Most of the lather comes from Charley’s storyline, which, with its shades of Real Housewives, lends itself to camp. When Charley finds out that Davis has been less than truthful with her, she doesn’t slap him in the privacy of their mansion in the hills, calling him names before a knockout view of L.A. Instead, she takes it to the basketball court, midgame, making a scene so spectacular, it’s a wonder it hasn’t happened on a reality show: May Charley be an inspiration. Once in Louisiana, Charley goes to meet up with a friend of her father’s, who has been holding onto a tractor part for him. She expects an old man but instead finds Remy (Dondré Whitfield), a good-hearted hunk in a cowboy hat, a future love interest telegraphed so hard, you can hear the script go, “These two will have sex imminently. Stop. It will be hot. Stop.”

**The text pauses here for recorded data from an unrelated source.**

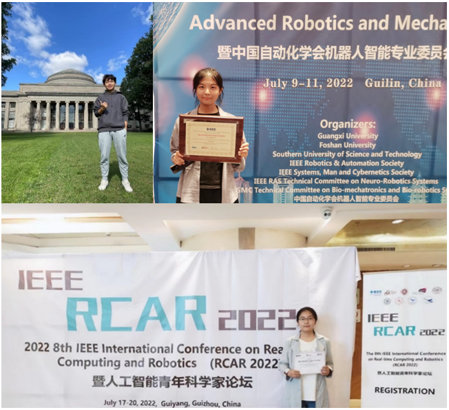 左上:文章發出時戴存璽正在MIT進行交流;右上:付沛文參加ICARM獲獎答辯;下:馬芮參加IEEE RCAR會議獲獎答辯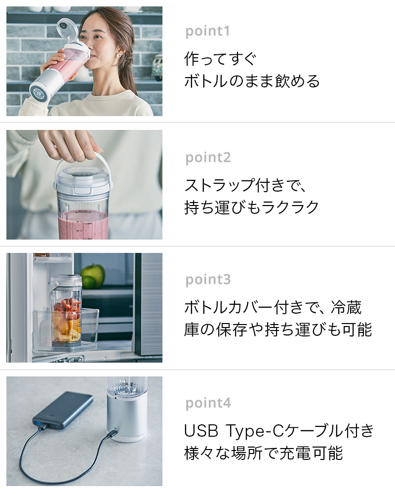 パワフルなかくはん力で、角氷や冷凍フルーツもしっかり砕く。静音パワフルなコードレスミキサー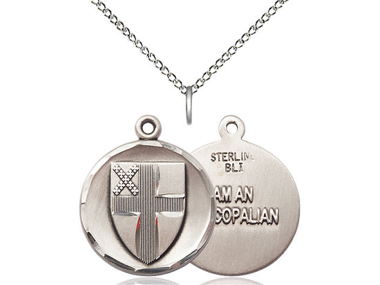 Sterling Silver Episcopal Pendant Necklace 7/8 x 5/8 - 18 Inch Chain
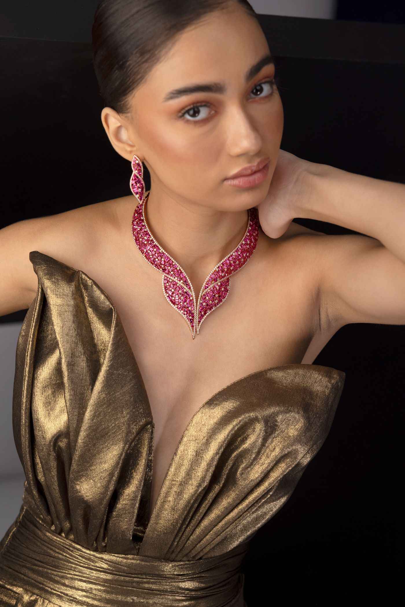 The Mediterranea Necklace captures this very essence. With 306meticulously custom-cut Pink Spinels, each uniquely shaped into five distinct designs, it mirrors the multifaceted beauty of theMediterranean Sea. Collectively weighing a staggering 91.76 carats, these gems reflect the sun'sdance upon the gentle waves, a spectrum of pink hues that range from the soft blush of dawn tothe fiery magenta of sunset.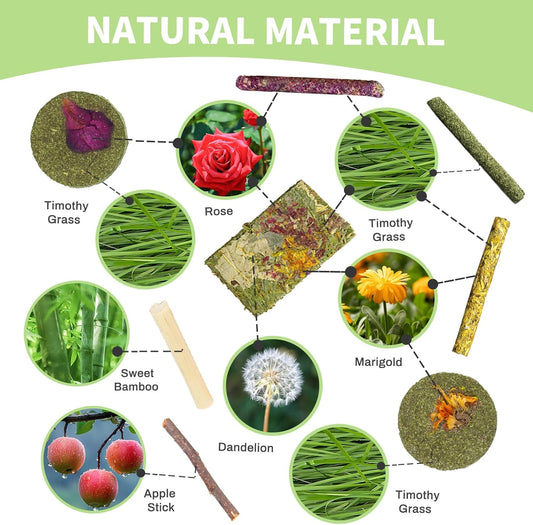 50-60 PCS Natural Rabbit Chew Toys, Treats, Timothy Sticks, Apple Sticks, Sweet Bamboo for Guinea Pig, Hamster, Chinchilla, Rat, Small Animals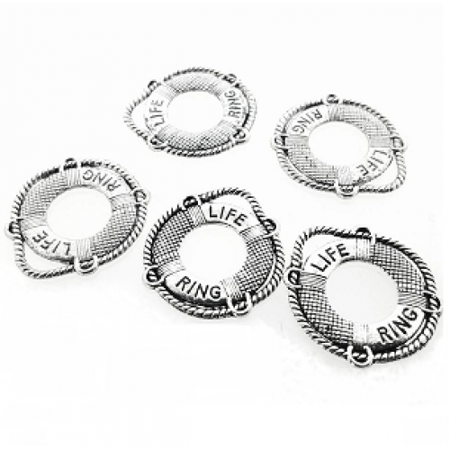 Bedel- zilveren metalen tibetan Boei- Life-Ring afmeting: 24 x 22 mm - gat 3 x 4 mm nikkelvrij per stuk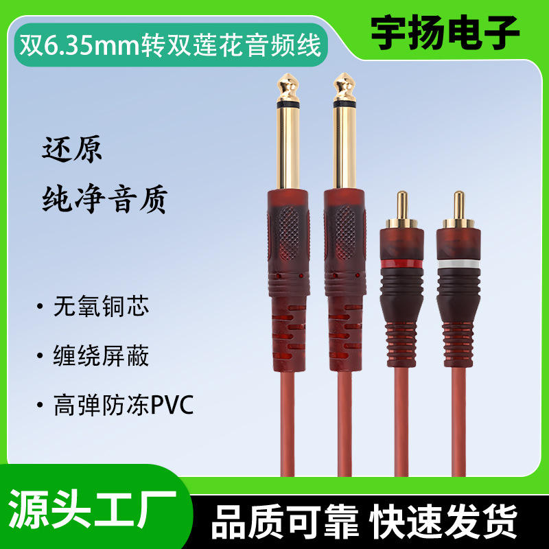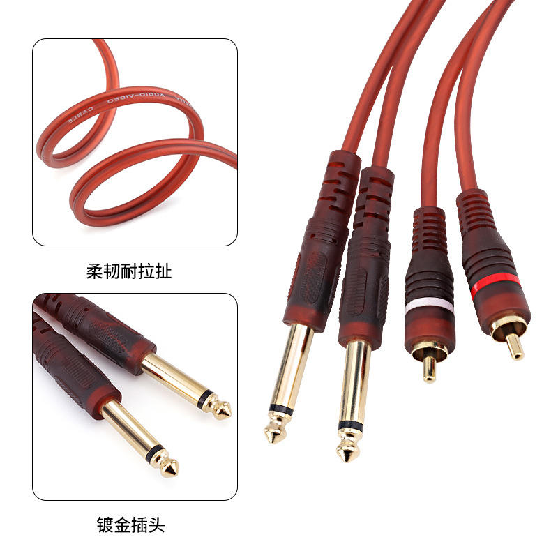 สายสัญญาณเสียง RCA ถึง 6.35 มม. แบบสองหัวต่อ สีแดงเข้ม สำหรับคอนโซลผสมเสียงและวิดีโอ

Moments like these aren’t slips in tone but treats for the audience. The theme song’s lyrics include, “Dreams never die/ take flight/ as the world turns,” which is to say: A long-running soap opera is name-checked at the outset of each episode. Queen Sugar takes on plenty of heavy and heady issues. But the very first scene in the show is a romantic swoon between Nova and her hunky, beefy, white boyfriend (Greg Vaughan, like Whitfield, a former soap actor), whose haircut and chest hair are both very on trend. Queen Sugar is confident enough in itself and its audience that it offers up dreamy actors and hot pairings with no anxiety that this will somehow undercut its more serious aspirations. It is an extremely alluring combination.